The offer was not enough to silence Kate’s concerns. ‘I’ll say this once, so you understand it clearly, Brian. I will not do anything illegal.’
Teller rocked back, looking her up and down. ‘Listen to you! Laying down the law. What’s the weather like up there on your high horse?’
‘Don’t patronise me.’ Her temper flared like cold fire. ‘I have more than enough black marks of my own to deal with. I don’t need any more.’
‘Yes, quite,’ Teller said airily. ‘Remind me how long you were out of work after the whole . . . unpleasantness?’ Again, he didn’t wait for her to reply. ‘How many job offers did you have? Oh, it was bugger all, wasn’t it? At least until I came along and stuck my neck out to get you flying again.’
She let the bag drop off her shoulder, feeling the moment coming to a head as a flush of heat rose in her cheeks. ‘You’re threatening me?’ If Kate Hood had a character trait she loathed the most, it was her temper. When the right buttons were pushed, her cool reserve could dissolve in an instant, and that always ended up with her saying or doing something she couldn’t take back. She was close to it now.
‘Don’t be so dramatic,’ he replied. ‘I’m telling you it like it is, Kate. I’m a realist.’
Her jaw hardened. ‘In my experience, people who make that claim just want carte blanche to be an arsehole.’

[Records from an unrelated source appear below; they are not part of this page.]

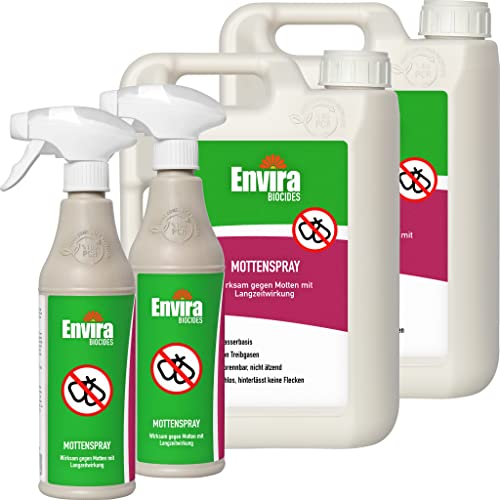 Envira Motten-Spray 2X 500 ml + 2X 2 Liter - Mittel gegen MottenKleidermotten, Lebensmittelmotten - Mottenschutz mit Langzeitwirkung - Mottenfalle Alternative, Geruchlos
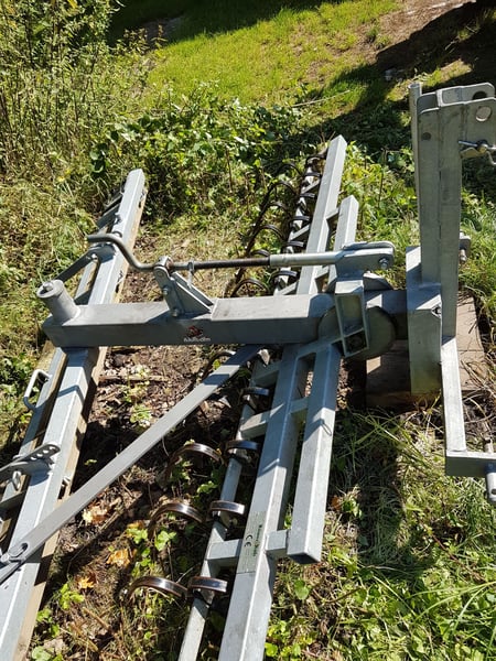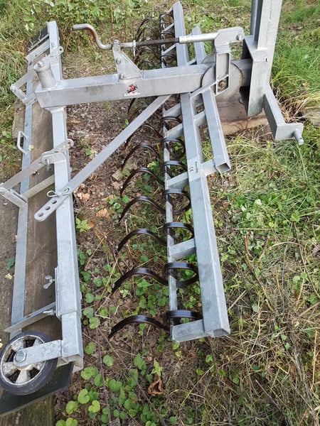 Sehr solides Gerät. Feuerverzinkt, gepflegt. Für Schlepper ab 30 PS. Mit Bandenrollrad,auswechselbaren Scharen und Federzinken. Holzbohle auswechselbar. Stufenlos höhenverstellbar. Arbeitsbreite 275 cm. Kam wenig zum Einsatz. Wegen Aufgabe des Reitsports, von Privat. Der Preis ist verhandelbar
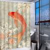 1 Piece Red Orange Koi and Sakura Shower Curtain-Flowing White Waves and Pink Flower Pattern, Polyester Fabric, Machine Washable
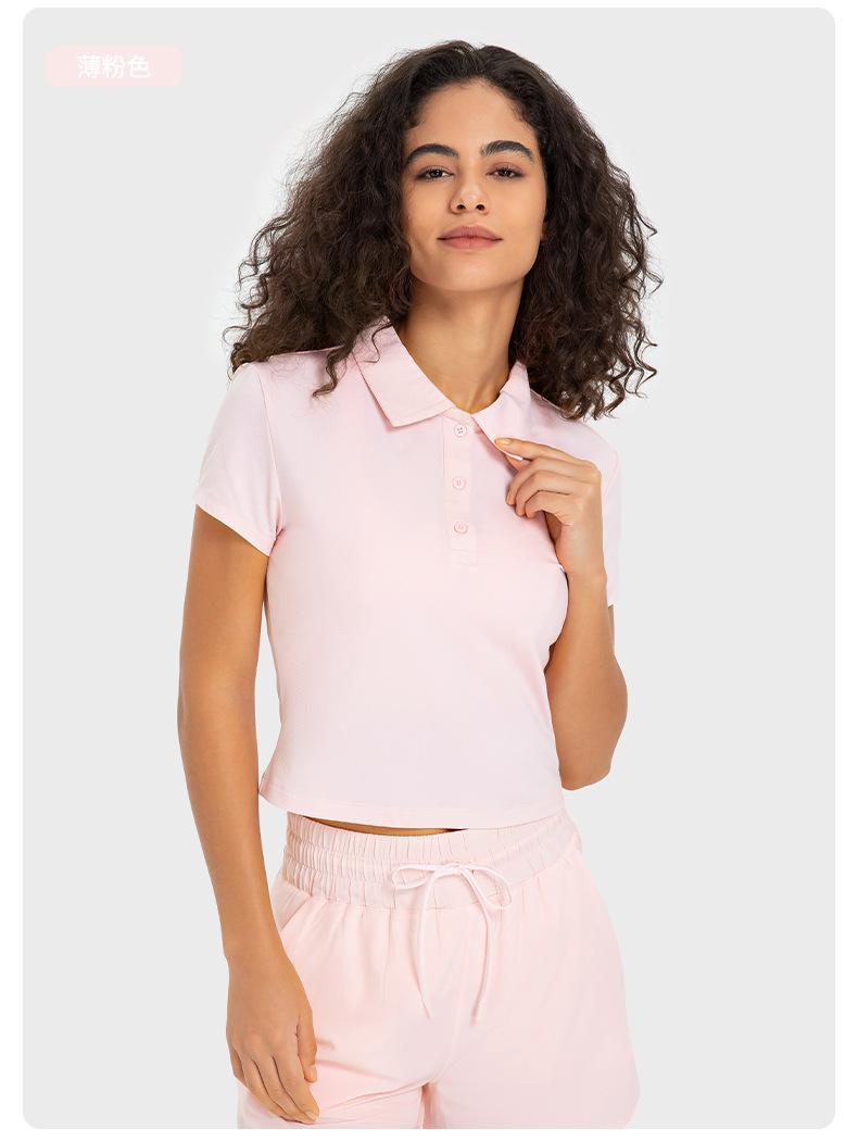 Compra Polo de Mujer de Manga Corta Deportivo Slim con Solapa de Secado Rápido Absorbe la Humedad Transpirable Camiseta de Yoga Fitness Ds335 al por mayor en Joom.pro

‘I don’t—’ Whatever Teller was going to say next, the rest of the sentence died in his throat as a convoy of vehicles rolled up to sudden halt outside the open doors of the hangar.
Kate saw a nondescript car, a big American 4x4, and between them a panel truck. But no, not a truck. A prisoner transport. The second the convoy stopped rolling, men with serious, hawkish demeanours decamped from the vehicles, looking around in all directions like they were expecting trouble.
‘Balls.’ Teller looked at his watch. ‘They’re early.’
The surge of annoyance building in Kate turned icy cold and the truth they were dancing around could not be ignored any more. The presence of the truck could only mean one thing.
‘No.’ She prodded Teller in the chest. ‘No. I’m not doing this.’